3) A novel binarization and feature mapping technique reduces the entire feature dimension to one,
negating the need for the algorithm's feature selection mechanism.
4) The binary values in the binary feature map itself exhibit unique properties that correspond to each
condition of the eye. By alone, these special combinations make it easier to distinguish between different
eye conditions through visual inspection. This indicates that the proposed study also provides a visual
categorization of eye conditions at an earlier stage of the process, before the automated classification of
the eye conditions using the distinct BWFV values.
5) The main benefit of the suggested approach is that it doesn't need a conventional, intricate classifier.
There is a significant amount of discrimination between the six different classes of eye motions in the
computed single BWFV feature values.
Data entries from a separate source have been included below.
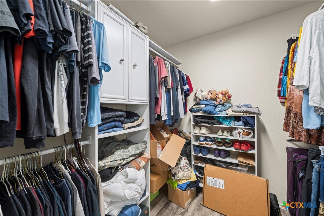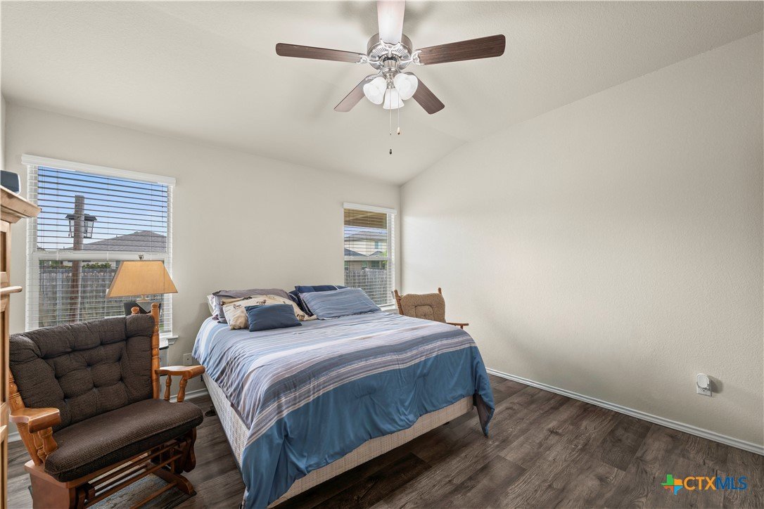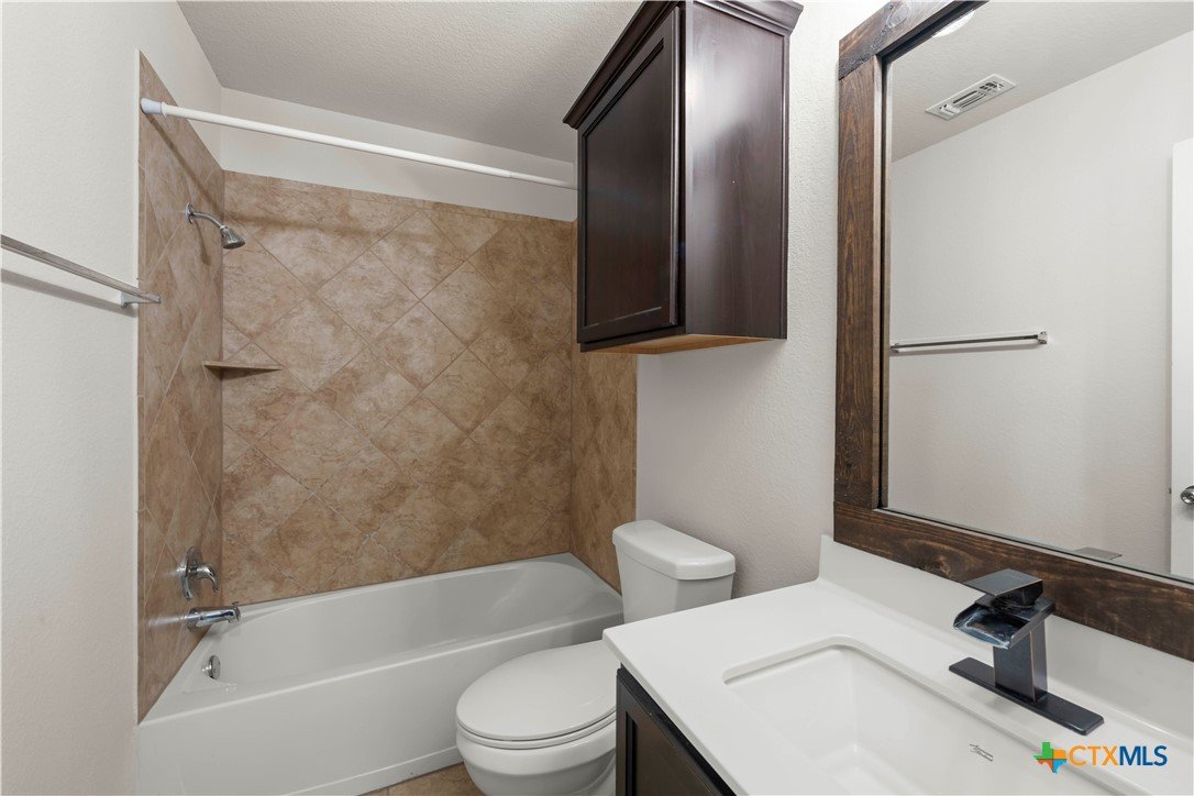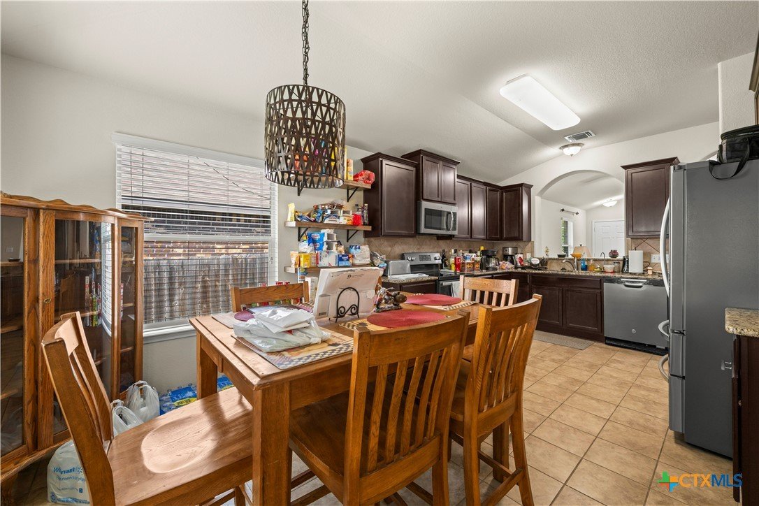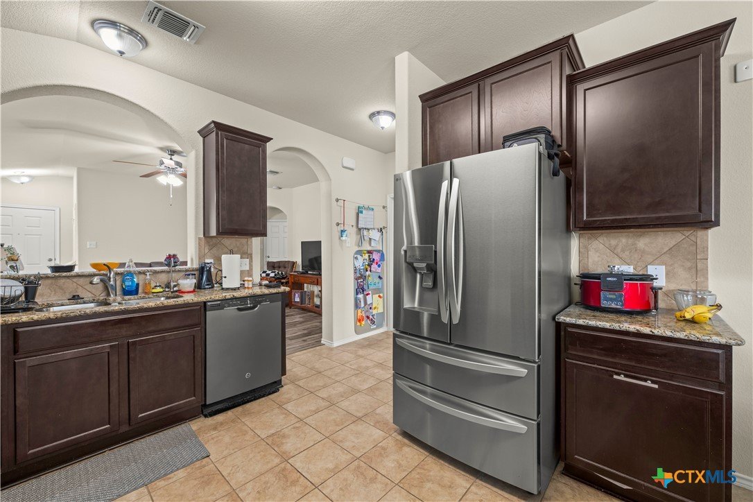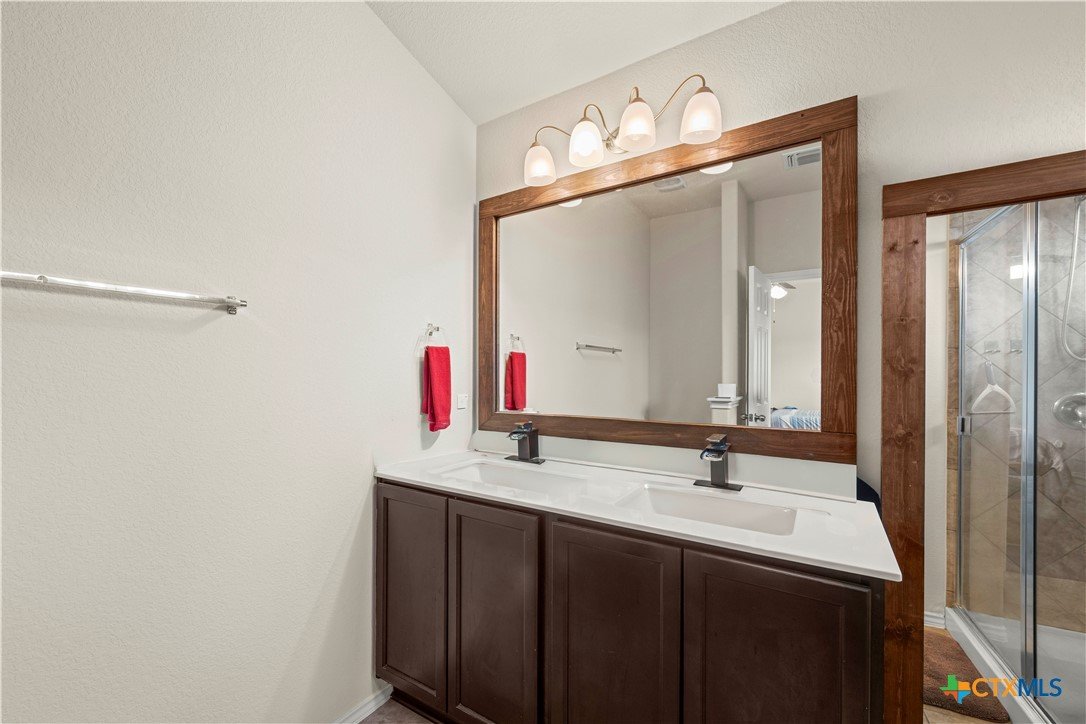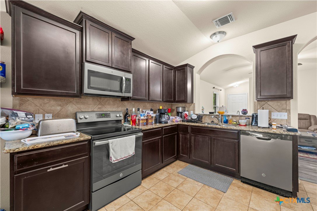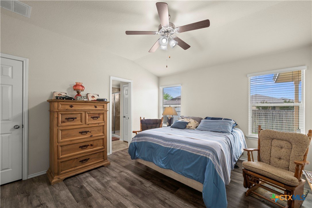 Beautiful home located in Academy ISD featuring a welcoming oversized front porch and an extended covered patio overlooking a private, fenced backyard—perfect for outdoor enjoyment and entertaining. The open-concept floor plan offers an eat-in kitchen that flows seamlessly into the living area, creating a functional space for everyday living and gatherings. The kitchen provides ample cabinet and counter space along with a comfortable dining area. The primary bedroom includes a walk-in closet, double sinks, and a walk-in shower. Additional highlights include durable LVT flooring in the main living areas and a garage equipped with a professionally installed mini-split A/C system, offering flexible space for a workshop, gym, hobby area, or future conversion. Well-maintained and move-in ready, this home combines comfort, functionality, and added upgrades. Schedule your showing today!
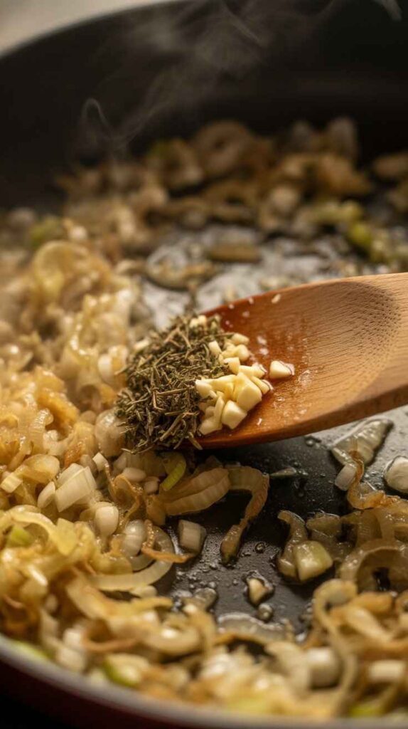 To the same pot with the reserved bacon drippings, add the diced onion and celery. Cook over medium heat, stirring frequently, for about 4 to 5 minutes until softened and translucent. Add the minced garlic and dried thyme, and cook for another 30 seconds until fragrant.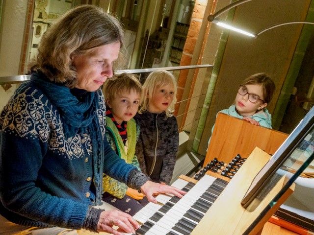 So beginnt die Orgelakademie von Nanette Günther. Während sie spielt, bleiben die Kinder unten und suchen sich ihren eigenen Hörplatz. Es geht nicht nur ums Zuhören. „Ich empfehle ihnen, auch darauf zu achten, ob sie etwas sehen – Farben, einen Regenbogen oder vielleicht eine schöne Stadt“, sagt sie.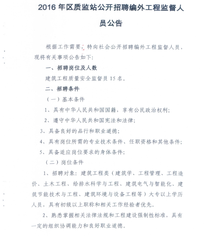 2016年廣州市南沙區(qū)質(zhì)監(jiān)站招聘工程監(jiān)督員公告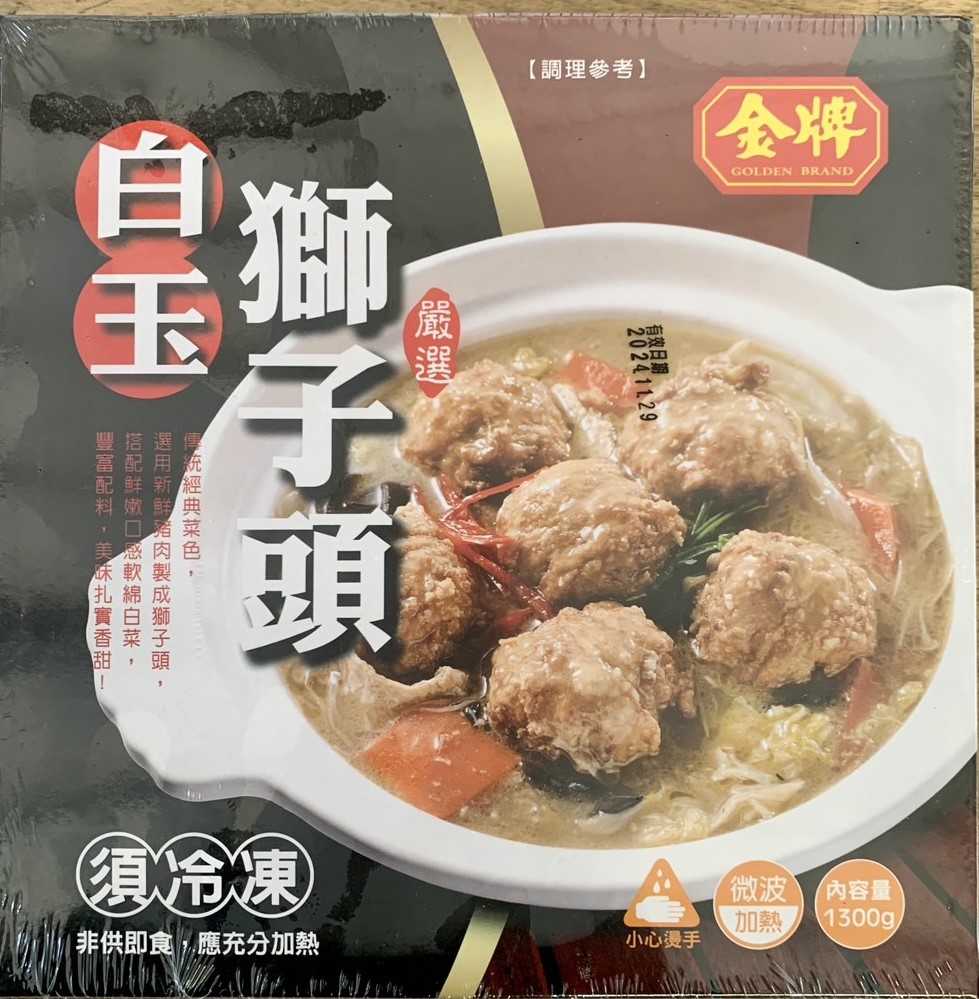 櫻花蝦米糕1000g、佛跳牆2000g、筍絲燴元蹄1200g、黑蒜頭燉土雞2200g、白玉獅子頭1300g。 ◆櫻花蝦米糕:糯米、水、豬肉、雞骨湯(水、雞骨)、醬油、米酒、薑、芝麻油、紅蔥酥、櫻花蝦、香菇、大豆油、冬蝦、冰糖、調味劑、精鹽、明膠(豬皮(台灣))、白胡椒。 ◆佛跳牆:水、豬腳、排骨(排骨、酥炸粉(小麥澱粉、樹薯粉)、大豆沙拉油)、芋頭、筍片、白菜、豬肚、鳥蛋、水翅(水、食用海藻膠、食用明膠、梔子黃色素)、栗子、蒜頭、烏醋、雞汁、大豆沙拉油、紅蔥酥、香菇、冰糖、精鹽、冬蝦、蒜粉(麥芽糊精、蒜粉、品質改良劑(二氧化矽)、大蒜香料)、複方調味劑、洋蔥粉(洋蔥、米) 、蝦粉、調味劑、肉精香料、紅蔥膏、肉精膏、胡椒粉、雞肉香料、五香粉(小茴香、肉桂、八角、胡荽、丁香)、辣椒粉。 ◆筍絲燴元蹄:蹄膀、滷汁【水、醬油、砂糖、精鹽、米酒、香蒜粉(麥芽糊精、蒜粉、品質改良劑(二氧化矽)、大蒜香料)、白胡椒粉、五香粉(小茴香、肉桂、八角、胡荽、丁香)、八角、花椒粒、辣椒粉】。筍絲包【水、筍茸、朴菜絲、芥花油、雞粉(鹽、麥芽糊精、L-麩酸鈉、糖、雞肉、雞油、水解大豆蛋白)、砂糖、蒜粉(麥芽糊精、蒜粉、品質改良劑(二氧化矽)、大蒜香料)、釀造醋、調味劑、紅蔥頭、胡椒粉、精鹽、砂糖、抗氧化劑】。 ◆黑蒜頭燉土:水、土雞、黑蒜頭、雞汁、蒜頭、米酒、精鹽、健美鮮CL(麥芽糊精、食鹽、蔗糖、酵母抽出物、黃豆水解蛋白、香菇抽出物、高麗菜抽出物)、冰糖、紅棗、醬油、枸杞、調味劑。 ◆白玉獅子頭:白菜、獅子頭、水、金針菇、豆角、大豆沙拉油、紅蘿蔔、木耳、蒜頭、蛋、紅蔥頭、粘稠劑、扁魚、冬蝦、冰糖、雞粉(鹽、麥芽糊精、L-麩酸鈉、糖、雞肉、雞油、水解大豆蛋白)、精鹽、白胡椒、蒜粉(麥芽糊精、蒜粉、品質改良劑(二氧化矽)、大蒜香料)。 ★保存條件:須冷凍-18℃以下。 ★保存期限:實際效期依包裝上標示為準 。 ★食用方式:解凍後,充分加熱料理即可食用。 ★原產地:台灣。 ★製造商:海集興業有限公司。 |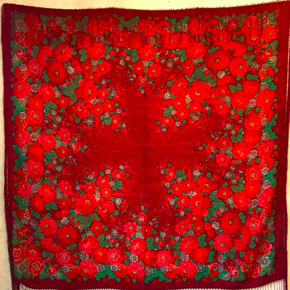Белой шерсти с красным, малиновым, зеленым, голубым, синим, желтым и сиреневым узором. В углах букеты из крупных роз с бутонами лилий с высокими тычинками, маков, пионов, веток с мелкими соцветиями листьев. Между букетами по сторонам небольшие букеты из тех же цветов, соединенные стелющимся стеблем из мелких маргариток. В среднике одиночные розочки, расположенные в шахматном порядке. по краю белая шерстяная бахрома.

Consequently, it is discovered that merely a basic, linear,
threshold-based classifier is adequate to accurately categorize the eye movement characteristics based on
the retrieved feature values. This eliminates the need for a training phase, significantly reducing
complexity.
In addition to its numerous uses in the fields of neurology and psychology, EEG signal utilization has
certain disadvantages [6.24]. Six separate leads are used in this investigation to collect EEG signal. It is
evident that the requirement for an EEG acquisition cap and the proper positioning of six separate EEG
electrodes around the scalp frequently cause discomfort for the patients. The degree of discomfort
experienced by individuals can represent significant obstacles to the straightforward collection of EEG
data, contingent on their physical and mental health.
In the current study, no real-time hardware platform is used; instead, all algorithm testing is carried out
and validated through software implementation. On a desktop computer, MATLAB is used to prepare the
assessment result. It takes over twenty seconds to categorize six different types of eye movements when
the complete algorithm is executed, beginning with wavelet transformation, denoising, wavelet
coefficient selection, feature extraction, binarization, and ultimately classification. Based on the average
execution time gathered from all of the EEG records, the aforementioned execution time was calculated.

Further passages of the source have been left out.